I need an exact copy of the lines from the one containing "Tại Lễ Kỷ niệm" through the end of the records, without any pictures.

• **Excerpts from a dataset**:
══════
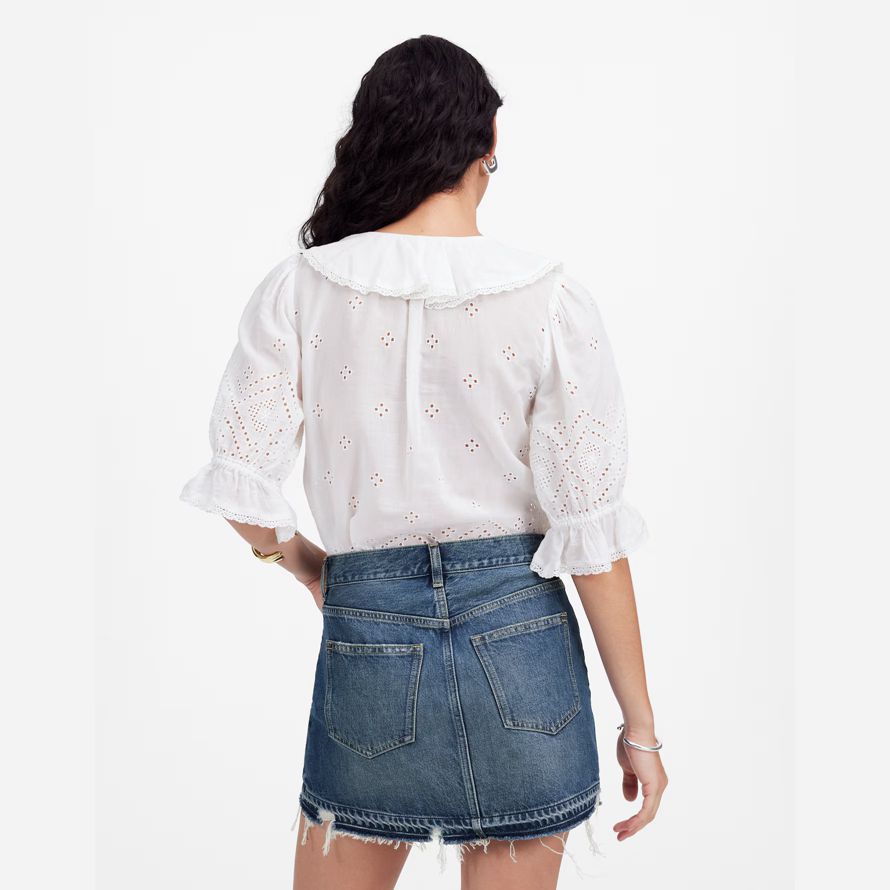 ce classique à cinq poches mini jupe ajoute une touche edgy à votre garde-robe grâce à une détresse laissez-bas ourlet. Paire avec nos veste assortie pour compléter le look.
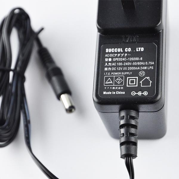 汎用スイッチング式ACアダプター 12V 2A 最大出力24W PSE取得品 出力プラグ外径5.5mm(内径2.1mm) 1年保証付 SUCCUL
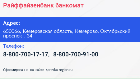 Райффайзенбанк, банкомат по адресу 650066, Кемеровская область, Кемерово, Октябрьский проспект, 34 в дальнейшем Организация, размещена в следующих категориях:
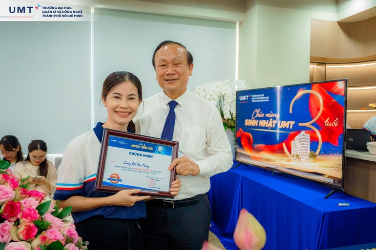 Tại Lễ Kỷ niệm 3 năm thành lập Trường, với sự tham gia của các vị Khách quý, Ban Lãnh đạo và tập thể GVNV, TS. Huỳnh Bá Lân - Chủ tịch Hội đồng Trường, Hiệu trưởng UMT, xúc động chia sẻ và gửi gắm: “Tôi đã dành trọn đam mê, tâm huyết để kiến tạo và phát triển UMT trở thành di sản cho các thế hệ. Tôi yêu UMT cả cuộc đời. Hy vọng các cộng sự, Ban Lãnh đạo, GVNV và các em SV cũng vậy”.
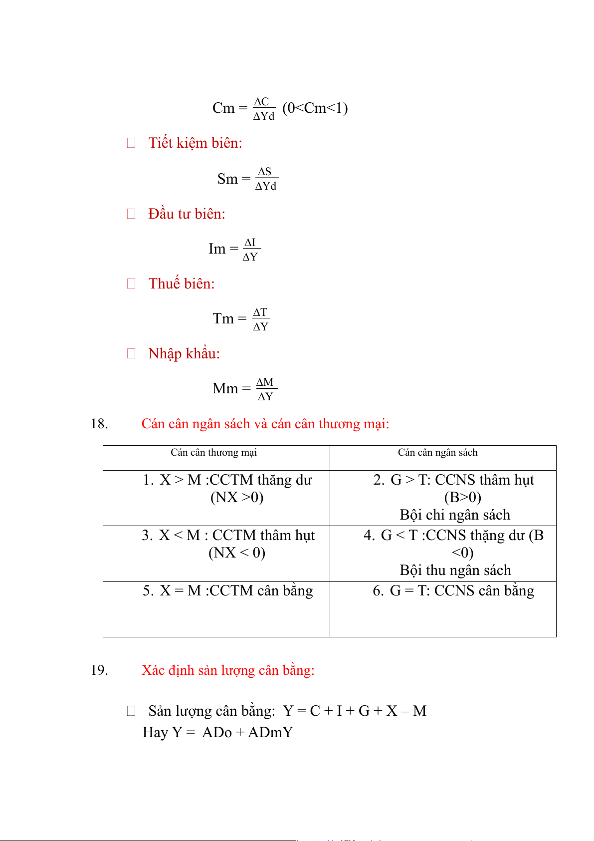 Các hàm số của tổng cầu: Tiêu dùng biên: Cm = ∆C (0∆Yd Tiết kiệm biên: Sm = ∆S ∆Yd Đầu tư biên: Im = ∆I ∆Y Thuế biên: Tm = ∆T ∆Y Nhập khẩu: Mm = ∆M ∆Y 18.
══════
• **Answer box**:
 Tại Lễ Kỷ niệm 3 năm thành lập Trường, với sự tham gia của các vị Khách quý, Ban Lãnh đạo và tập thể GVNV, TS. Huỳnh Bá Lân - Chủ tịch Hội đồng Trường, Hiệu trưởng UMT, xúc động chia sẻ và gửi gắm: “Tôi đã dành trọn đam mê, tâm huyết để kiến tạo và phát triển UMT trở thành di sản cho các thế hệ. Tôi yêu UMT cả cuộc đời. Hy vọng các cộng sự, Ban Lãnh đạo, GVNV và các em SV cũng vậy”.
 Các hàm số của tổng cầu: Tiêu dùng biên: Cm = ∆C (0∆Yd Tiết kiệm biên: Sm = ∆S ∆Yd Đầu tư biên: Im = ∆I ∆Y Thuế biên: Tm = ∆T ∆Y Nhập khẩu: Mm = ∆M ∆Y 18.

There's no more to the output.